What is a bastion host?

作成が完了すると、pem形式のキーの名前を聞かれるので適当に命名。ダウンロードしたpem keyをローカルに配置し、以下のコマンドを実行してBastionサーバに接続できることを確認する。pem keyを何単位で分けるのが適切かは、セキュリティと運用の容易さのトレードオフで決めるのかな。今回は一つのpem keyで全てのサーバにアクセスできるようにしておく。本当は本番/ステージング別とか、プライベート/パブリックサブネット別とかに分けるのだろう。

    $ ssh -i tokyoPemKey.pem ubuntu@your-ec2-domain.compute.amazonaws.com

AP Server(EC2)

EC2のマネジメントコンソールから新規にEC2インスタンスを作成する。 この際、APサーバはPrivateサブネットに配置する。VPCをウィザードで作成すると、自動的に10.0.1.0/24がプライベートなサブネット(Default GawtewayがNATインスタンスになってるやつ)になっているっぽい。逆に、10.0.0.0/24がパブリックになっており、Default GatewayにはInternet Gatewayが指定されている。よって、Configuration Instance Detailsから以下の設定を実施する。それ以外はデフォルトで問題なし。プライベートなサブネットに配置するので、Public IPとかは設定しないでよし。ちなみに今回はUbuntu Server 13.10 - ami-b945ddb8を利用。

Load Balancer(EC2, ELB)

EC2ダッシュボードに行くと、左側のNETWORK&SECURITYタグの中にLoad Balancerという項目があるので、ここから新規作成する。

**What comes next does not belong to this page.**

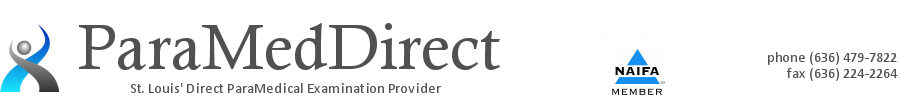 ParaMedDirect, LLC is a locally owned, small business, capable of providing a more personalized, one-on-one service, to you and your applicants. Providing paramedical exams since 1995. Member NAIFA - St. Louis

適当な名前をつける。 Create LB Inside:の部分は新規に作成したVPCを選択。今回の場合は、10.0.0.0/16。 LBが通すプロトコルとポートを指定する。今回はデフォルトのHTTPとポート80番のみ。 ヘルスチェックはデフォルトのまま。

ロードバランス「される」インスタンスが存在するサブネットを選択する。今回はAPサーバをPrivateサブネット(Internet Gatewayがついてない方のサブネット)に配置しているので、そちらを選択。デフォルトでは、10.0.1.0/24。

You will need to select a Subnet for each Availability Zone where you wish to have load balanced instances. A Virtual Network Interface will be placed inside the Subnet and allow traffic to be routed into that Availability Zone. Only one subnet per Availability Zone may be selected.

セキュリティグループは一旦デフォルト。

作成完了したら、EC2のマネジメントコンソール左ペインからLoad Balancerを選択して新規作成されたレコードを確認。Instancesに先ほど作成したAP Serverをひもづける。コレで以下の通信経路の基礎が完成。次回はSecurity Groupの設定を行い、APサーバに実際のWebアプリをデプロイする!